Need help with sed and regexp

Boxtuna · August 23, 2012, 5:49pm

Hi everyone, I would really appreciate any help I could get on the following topic.
I am not very familiar with reg expressions nor with sed, I just know the basic uses. What I am trying to do is the following: I have a huge text file where I would like to replace all occurnces of a certain pattern with another one. Here an example:

 "name1" = "12;15";
  "name5" = "7";
  "abc1" = "3";
  "5" = "";
  "-7" = "";
  "hgf" = "12;15";
  "e1" = "8";
  "-5" = "";

Should change to:

  "name1" = "12;15";
  "name5" = "7";
  "abc1" = "3;5;-7";
  "hgf" = "12;15";
  "e1" = "8;-5";

The rule is: any assign statement to a variable starting with a letter ( like "name1" ) is preserved, while any assignment to a numerical variable ( like "1" or "-1" should be appended to the previous line.

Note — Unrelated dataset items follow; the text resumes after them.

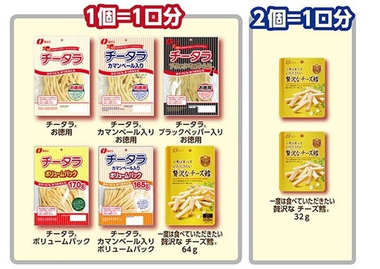 「32g一度は食べていただきたい 贅沢な チーズ鱈(R)」は2個で1口分、その他の6品は1個で1口分として応募できます。
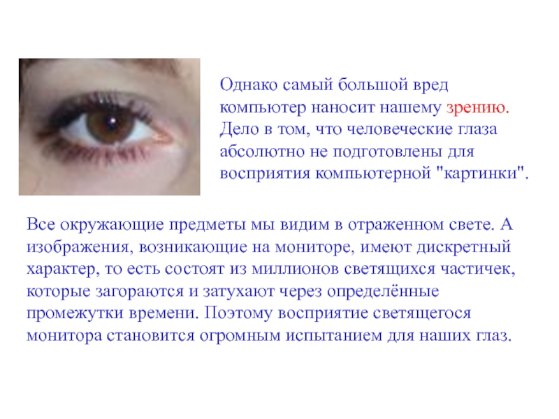 Однако самый большой вред компьютер наносит нашему зрению. Дело в том, что человеческие глаза абсолютно не подготовлены для восприятия компьютерной "картинки".
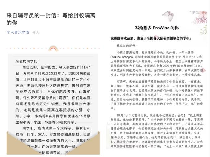 在党委学生工作部(学生处)的统一安排下,全体学工人因事而化、化“疫”为机,为丰富疫情防控期间的广大学生的精神文化生活、开展行之有效的“空中”思想政治教育,举办了形式多样的线上活动。各学院相继开展防疫知识竞答、云中党课、线上讲座、主题云班会、线上读书会、红色观影、“云查宿”、网络团体心理辅导、班徽设计大赛、大学生就业创业大赛初赛等活动以凝聚集体意识,并通过《永利集团304官网辅导员的一封信:写给封校隔离的你》向广大学生传递信心、空投能量,在充实学生们疫情防控期间的在校学习生活、强化纪律观念的同时,提振了他们同心抗“疫”的决心和信念,进一步培养了良好的精神风貌,引导广大学生勠力同心、共克时艰,为战胜疫情做“加法”。
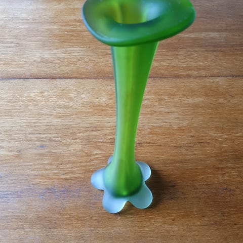 Sett bestående av mugge/vase og skål i grønt pressglass.
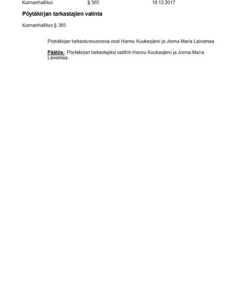 Pöytäkirja 18.12.2017 Pykälä 365
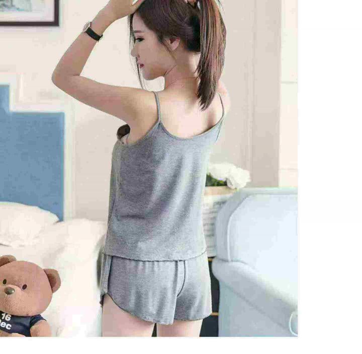 夏季性感吊带短裤女薄款睡衣两件套大码春秋家居服套装

I couldnt get it to work because of the condition is across more than one line. I know I am supposed to use the N instruction but dunno how. Any help how to do the above with sed or any other way is cery appreciated.

Thanks.

agama · August 23, 2012, 10:01pm

I think it's easier to code, read, maintain in awk:

awk -F = '
    match( $1, /"(-*[0-9]+)"/, hit ) {
        gsub( "\";", ";" hit[1] "\";", p );
        next;
    }
    {
        if( p )
            print p;
        p = $0;
    }

    END {
        if( p )
            print p;
    }
' input-file >output-file

RudiC · August 24, 2012, 3:51am

Pls help me out: which awk version supports match(s, r, X) ? mawk does not. And what is the resulting action? Couldn't find in this forum's man pages.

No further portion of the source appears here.